The structure of the file is as simple as possible. It contains only the described anchors in a specific record format. Each anchor consists of two elements: the anchor name and the fields it contains.

The fields, in turn, include the field name, data type, NULL or NOT NULL constraint, and a flag indicating whether it is a foreign key.

Anchor format

EntityName
    Field: type // optional comment
    AnotherField: type?
    ForeignKeyId: int FK(OtherEntity)

Example anchors for the doctor appointment system

User // regular system users
    Id: int
    Name: str
    DateBirth: datetime
    PhoneNumber: str
    DateRegistration: datetime

Patient // patients (extends User)
    Id: int
    UserId: int FK(User)
    CreatedAt: datetime

Doctor // doctors (also extends User)
    Id: int
    UserId: int FK(User)
    PhoneNumber: str
    GotJobAt: datetime
    ResignedAt: datetime? // can be NULL
    CurrentlyWorking: bool
    Rating: float

WorkSchedule // doctors' working schedule
    Id: int
    DoctorId: int FK(Doctor)
    Day: enum //(Monday,Tuesday,Wednesday,Thursday,Friday,Saturday,Sunday)
    StartTime: time
    EndTime: time

AppointmentBooking // appointment bookings
    Id: int
    PatientId: int FK(Patient)
    DoctorId: int FK(Doctor)
    RecordedOn: datetime
    Status: enum //(Pending, Confirmed, Completed, Canceled)

While writing anchors, it becomes easy to define primary key constraints and foreign key relationships. For example, you can immediately see whether a composite primary key is needed or if a simple auto‑incrementing integer is enough.

Describing relationships textually also simplifies future steps such as adding foreign key constraints or planning indexing that will optimize queries later.

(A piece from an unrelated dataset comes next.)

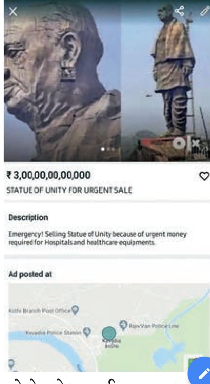 આજરોજ તા.૦૫/૦૪/૨૦૨૦ નાં રોજ ગુજરાતનાં એક દૈનિક અખબારમાં તાત્કાલિક ધોરણે હોસ્પીટલ અને મેડીકલ સાધનો ખરીદવા ફંડની જરૂર હોય માટે OLX વેબસાઇટ પર કોઇએ ૩૦ કરોડમાં સ્ટેચ્યુ ઓફ યુનિટી વેચવા મુકયુ હોવાનાં દાવાનાં શિર્ષક હેઠળ સમાચાર પ્રસિધ્ધ થયા છે. આ પ્રકારની પ્રવૃતીની ઉચ્ચકક્ષાએ ઘણી જ ગંભીર નોંધ લેવામાં આવી છે અને સત્યતાની ખરાઇ કરતા આવી પોસ્ટ કોઇ અજાણ્યા ઇસમે OLX પર મુકી હતી પરંતુ આ પોસ્ટ દૂર કરવામાં આવી હતી. આ અજાણ્યા ઇસમે સરકારની મિલકત સ્ટેચ્યુ ઓફ યુનિટીનાં વેચાણ કરવા પોતે અધિકૃત ન હોવા છતા સરકારને બદનામ કરવાનાં અને લોકોને ગેરમાર્ગે દોરવાનાં હેતુસર આ પ્રકારની જાહેરાત OLX વેબસાઇટ/પોર્ટલ પર મુકેલ સરદાર સાહેબ જેવા સ્વાતંત્ર્ય સંગ્રામનાં પ્રખર લડવૈયા અને અખંડ ભારતનાં શિલ્પી જેવા મહાન વ્યક્તિને સાચી શ્રધ્ધાંજલી આપવા અને આવનારી પેઢી સરદાર સાહેબનાં કાર્યોને જાણે તે માટે જ સરકારે પ્રતિમાનું નિર્માણ અત્રે કરેલ છે. ભારતની એકતાનાં પ્રતિક સમાન સરદાર સાહેબની સાથે કરોડો ભારતીયોની લાગની જોડાયેલી છે. આવા હિન કૃત્યથી ભારતીયોની લાગણીને ઠેશ પહોંચી છે. સમગ્ર બાબતે મુખ્ય વહીવટદાર નાં આદેશથી મામલતદાર પાર્થ જયસ્વાલે કેવડીયા પોલીસ સ્ટેશને યોગ્ય ધારાધોરણ મુજબ પોલીસ ફરીયાદ આપેલ છે. આ અંગે સ્ટેચ્યુ ઓફ યુનિટીનાં નાયબ મુખ્ય વહીવટદાર નિલેશકુમાર દુબે તરફથી એક વાતચિતમાં જણાવ્યુ હતુ કે, સ્ટેચ્યુ ઓફ યુનિટી વિશ્વમાં એકતાનાં પ્રતિક સમાન સરદાર સાહેબની વિશ્વની સૌથી ઉચી પ્રતિમાં છે અને સરદાર સાહેબનાં કાર્યોને આવનારી પેઢી જાણી શકે તે માટેનાં શુભ આશયથી આ પ્રતિમાનું નિર્માણ થયેલ છે. ત્યારે આ પ્રકારની વાહીયાત કરતુતથી ભારત દેશની જનતાની લાગણીને ઠેશ પહોચાડવાનો એક બદઇરાદાપુર્વકનો પ્રયાસ છે તેમજ OLX જેવી જાણીતી વેબસાઇટ દ્રારા પણ આ અંગેની ખરાઇ કે ચકાસણી કર્યા વિના જ આ પોસ્ટને એપૃવલ આપવામાં આવે તે ઘણી જ દુ:ખની બાબત છે.

Why this is faster and more convenient than graphical editors:

  • Add an entity → just paste a new text block
  • Change a field → edit one line
  • Rename an entity → find + replace across the file
  • Everything is version‑controlled in Git

Step 3. Automatic UML diagram generation

When all anchors are ready (everything in one text file), you run a script — and get ready‑made Mermaid code.

How to do it

  1. Download the script from GitHub.
  2. Place all anchors in a file named model.txt.
  3. Run the program (to run it, you need to set up Python for this project).
  4. Select the path to the model.txt file.
  5. Copy the Mermaid script.
  6. Open the Mermaid Live Editor.
  7. Paste the code into the left panel.
  8. Switch to Playground mode and set Layout to Adaptive — the diagram becomes maximally readable.

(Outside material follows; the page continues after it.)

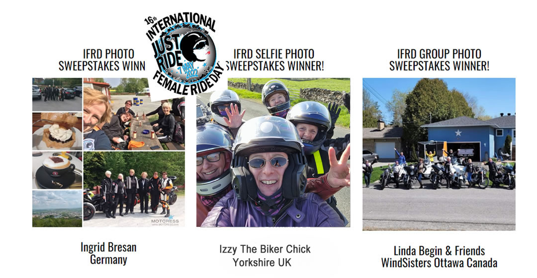 Announcing the International Female Ride Day® 2022 Photo Sweepstake’s photo sweepstakes prize draw winners! One name per photo category: IFRD Photo, IFRD Selfie, and IFRD Group was drawn from the total names submitted – per category.

This unified source of truth makes it easier to hand the schema to a database developer or integrate it with modern storage engines, depending on your project needs.

Go to GitHub

The Result

After completing all these steps, we obtain a clean, well-structured database diagram as the output. This visual representation clearly shows all entities, their relationships, and the data flow within the system, making it easy to understand the database structure at a glance.

Database Entity-Relationship Diagram

Summary: why you should try this approach

Anchors reduce routine effort and help you think more clearly about entities, indexing strategies, SQL database structure, and business logic. The difference becomes especially visible when you compare the "before" and "after" experience:

BenefitBeforeNow
Model history & code reviewalmost impossibleGit + Pull Request
Team collaborationdifficulteasy
Give model to AI for analysisimpossiblejust copy the text
Diagram freshnessquickly becomes outdatedalways up‑to‑date (generated)

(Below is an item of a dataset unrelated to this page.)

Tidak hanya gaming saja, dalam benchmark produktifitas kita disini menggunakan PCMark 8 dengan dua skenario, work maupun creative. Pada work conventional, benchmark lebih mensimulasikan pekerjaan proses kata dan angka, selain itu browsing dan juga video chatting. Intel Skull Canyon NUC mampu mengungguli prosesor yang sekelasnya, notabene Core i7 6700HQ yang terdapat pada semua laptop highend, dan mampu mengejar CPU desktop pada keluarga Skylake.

Try this approach on your next project — you'll likely be surprised how much time and stress it saves, whether you're building a traditional relational database or experimenting with modern architectures.

Wrapping up

Anchors give you a lightweight, expressive way to design databases without drowning in diagram tools or losing context in screenshots. You keep everything in plain text, under version control, and always ready to feed into scripts, documentation, or AI assistants.

If you're tired of rearranging tables on an infinite canvas, try a text‑first modeling workflow — it's simple enough to start in minutes, yet powerful enough to support complex systems over the long term.